Japanese video game sound designer

Hiroya Hatsushiba (初芝 弘也, Hatsushiba Hiroya) is the founder of video game developer tri-Crescendo, and a long time sound programmer for composer Motoi Sakuraba, whom he also gives English titles of the tracks Sakuraba creates.

Hatsushiba came up as a sound director and programmer for the Telenet Japan subsidiary Wolfteam in 1993. It is here that he met Sakuraba; these two have worked together on various games since then. He was one of the many people that left Telenet Japan on March 6, 1995 to participate in the founding of tri-Ace. Here, he continued his sound programmer duties for Sakuraba, as well as doing some field programming.

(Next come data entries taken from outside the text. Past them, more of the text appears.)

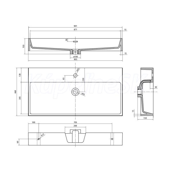 >>  Umývadlá  >>  Umývadlá liaty mramor  >>  Umývadlá do 90cm  >>  Sapho AQUATIC umývadlo, liaty mramor, 90x46cm, biela AT090
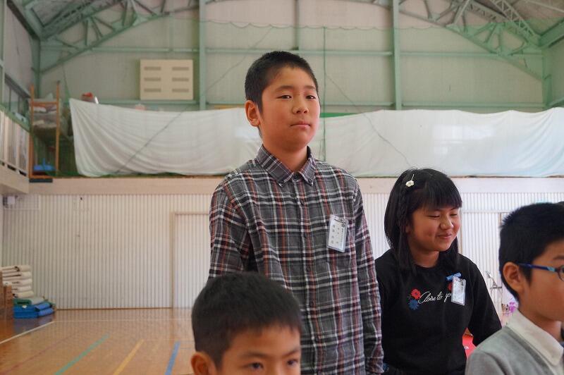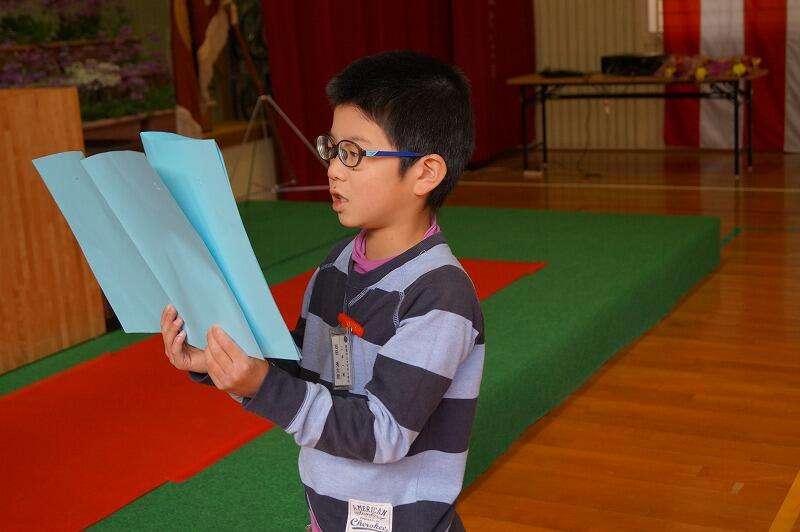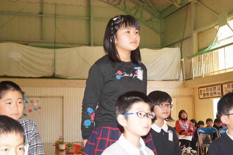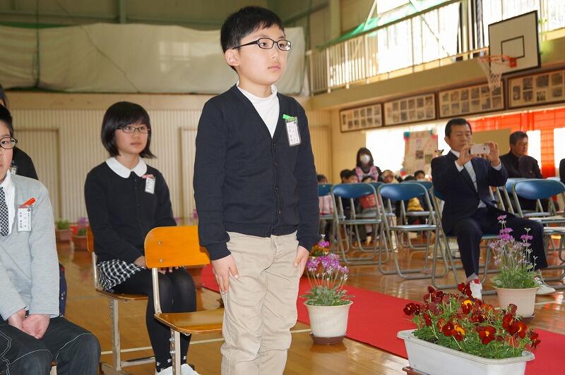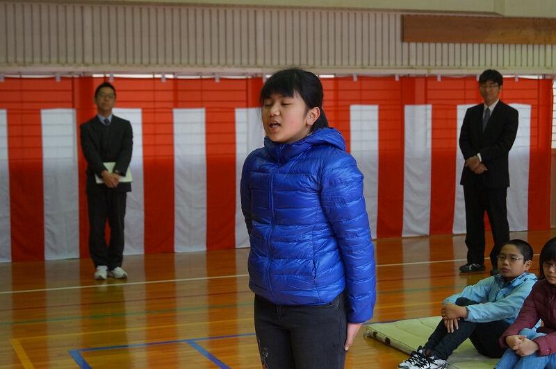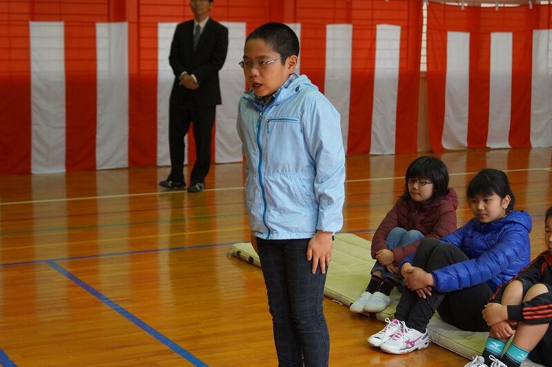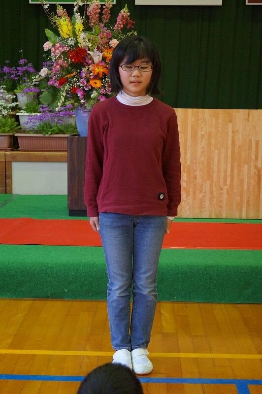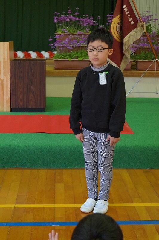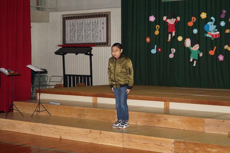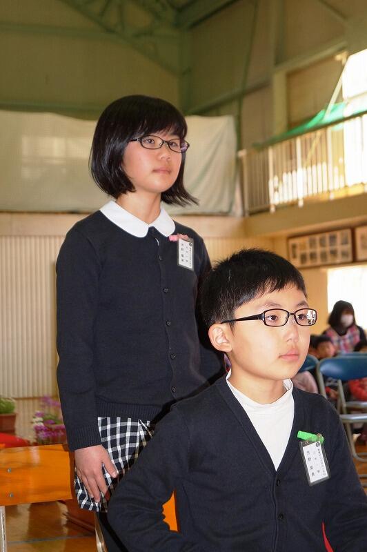 修了式後に本年度いっぱいで転出するNくんとHさんが、お別れのあいさつをしました。
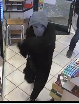 Ein Täter mit ungewöhnlicher Maskierung und möglicherweise verräterischem Schuhwerk wird als Trafikräuber von der Polizei gesucht. Wer (er-)kennt den eher jüngeren Mann, der sein Opfer auf Englisch anherrschte bzw damit Fremdsprachigkeit vortäuschte?

In 1999, he left tri-Ace and formed tri-Crescendo. While initially continuing to provide sound programming for tri-Ace's games, tri-Crescendo moved into game development in 2001. Hatsushiba partnered up with Monolith Soft to develop Baten Kaitos: Eternal Wings and the Lost Ocean, which became one of the more successful games for GameCube. Developmental duties have continued for its sequel, as well as Eternal Sonata, which he both directed and wrote story material for, as writing the original lyrics (later adapted into Italian) for the original song "Heaven's Mirror."

His alias "Hassy" has been said to be fellow game sound designer Michiko Naruke's. However, Michiko claimed in an interview "Hassy" was not her, but rather Hatsushiba.